Turning from his work as a restorer of church interiors he experimented with portraits busts which he exhibited in Queen Street (2). From the 1851 census it is known that he employed 6 men and 13 labourers, but had no assistants, which suggests that he took on refined carving work himself. He modelled busts in clay from which moulds and casts were produced (3). His burgeoning sucess enabled him to invest in land and by 1854 he owned seven properties; two years later he moved to a spacious house in the vicinity, Tintern Villa. Concurrent with the busts, he continued his ecclesiastical work. In 1857 he made an ambitious stone reredos for the Manchester Art Treasures Exhibition (9). The exhibition committee rejected it since ‘works in stone were not anticipated’, but the indignation voiced in the Ipswich Journal brought him attention and the following year the rector of St Mary, Brome, bought a reredos from him that sounds very like the one intended for Manchester (10). Williams provided another reredos for the International Exhibition of 1862 (13). The main section was finished in time for an exhibition held by the Suffolk Institute of Archaeology at the Athenaeum, Bury St Edmunds in 1861, and was shown in a prime position at the head of the room, where it attracted considerable attention. The Bury Free Press of 24 August 1861 noted ‘I would invite your special notice to the considerable effort ... the work of a Suffolk artist...It is for the reredos of a church and is the work of Mr Williams of Ipswich. I think you will agree with me in according to it the meed of your praise’. It was duly exhibited in 1862, attracted the attention of churchmen and led to further ecclesiastical commissions.
He continued to model or carve busts, some of them as large as 33 inches in height (5, 6). A demand for images of more modest proportions was met with a half-sized head of James Ransome, copied from a full-sized model produced several years earlier (8).

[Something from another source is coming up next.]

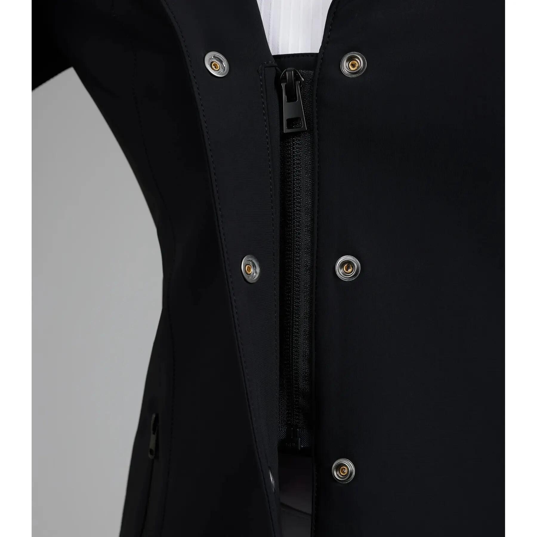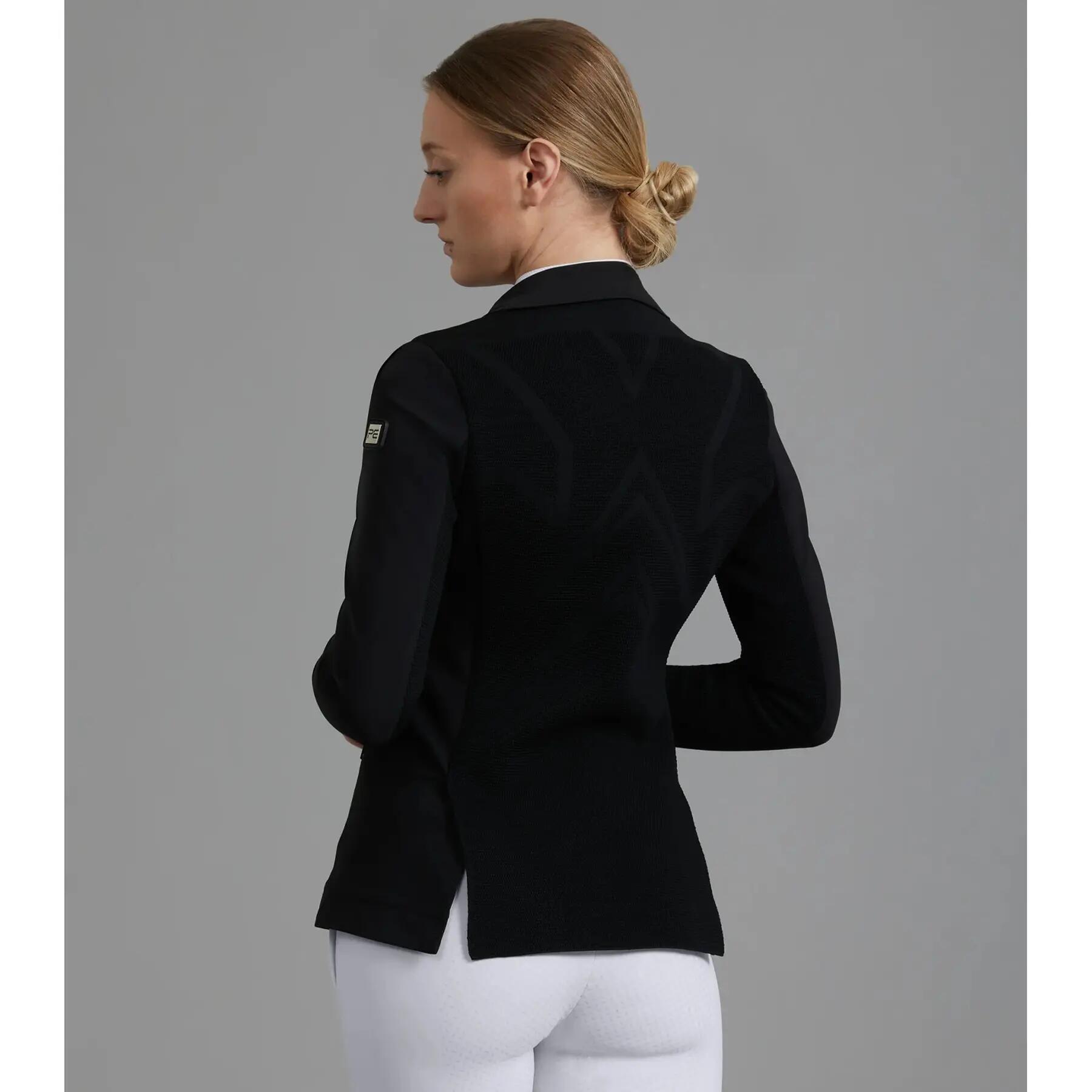 Discover new heights of performance with equestrian wear, focusing intensely on details and innovative fabric technology. Built around high-quality fabrics and technical materials, the BLACK LABEL represents the pinnacle of refined aesthetics, elite performance, and timeless craftsmanship. This ladies' competition jacket is perfect for a wide range of equestrian disciplines. The construction of this innovative design combines different panels of technical fabrics. The front of this jacket is made from a lightweight and smooth material that feels luxuriously soft to the touch and comfortable against your skin. Evolved for the modern rider, the back and arms incorporate a technical 3D knit that molds to the muscular anatomy of the rider’s back and shoulders. This innovative construction allows for improved freedom of movement, while creating unparalleled breathability, ideal for the intensity of competition. Classically tailored, this competition jacket is shaped to provide a flattering silhouette, with meticulously placed style lines. A traditional lapel collar sits atop a concealed YKK zipper kept tidy by a snap closure. Two pockets offer space to store your valuables, with added security provided by matte finish zippers. The subtle matte style continues through the finer details of this jacket, including the branded snap closures, and the PE marking at the wrist edge. Our signature chrome PE badge is located on the left arm of the rider, showing continuity with our existing collection. A raised PE shape is elegantly positioned on the right arm of the rider, boasting the quality and functionality of this luxury performance jacket. An elegant statement piece, this competition jacket is sure to deliver a classic and sophisticated aesthetic. The soft shade of French Navy allows you to make a professional impression in the arena, refreshing your competition wardrobe. Innovation is part of our company DNA. We have integrated decades of expertise into exciting new advancements in performance textiles. Pushing the boundaries of current industry standards, every detail is considered, bringing new heights to your equestrian wear. The Competition Jacket Quarto Ladies is a key representative of these values, making luxury and high-end designs accessible and affordable.

Advancing years and failing sight stemmed the flow. Williams died on 23 January 1888, aged 89 and was survived by his third wife. His lengthy obituary concluded: ‘His studio was a “study”. At every turn you met with the faces of Suffolk and Ipswich men who occupied prominent positions ... and here and there were to be seen the “mortal remains” of some of his bolder ventures, such as a marble reredos with saintly figures, mythological subjects and a good deal of other work ... By his death Suffolk loses a sculptor of great skill’ (Ipswich Journal, 3 Feb 1888). In tracing his development from a stone mason and decorative carver working in the context of the rapidly expanding world of church restoration to a figurative fine art sculptor, Read summarises his career: ‘Williams it seems to me was a competent, solid, honest Victorian sculptor. His career mirrors at a local scale that of national figures and his art reflects the age in which he lived’. Read concludes ‘There is surely no reason why this should not be a compliment to any artist’.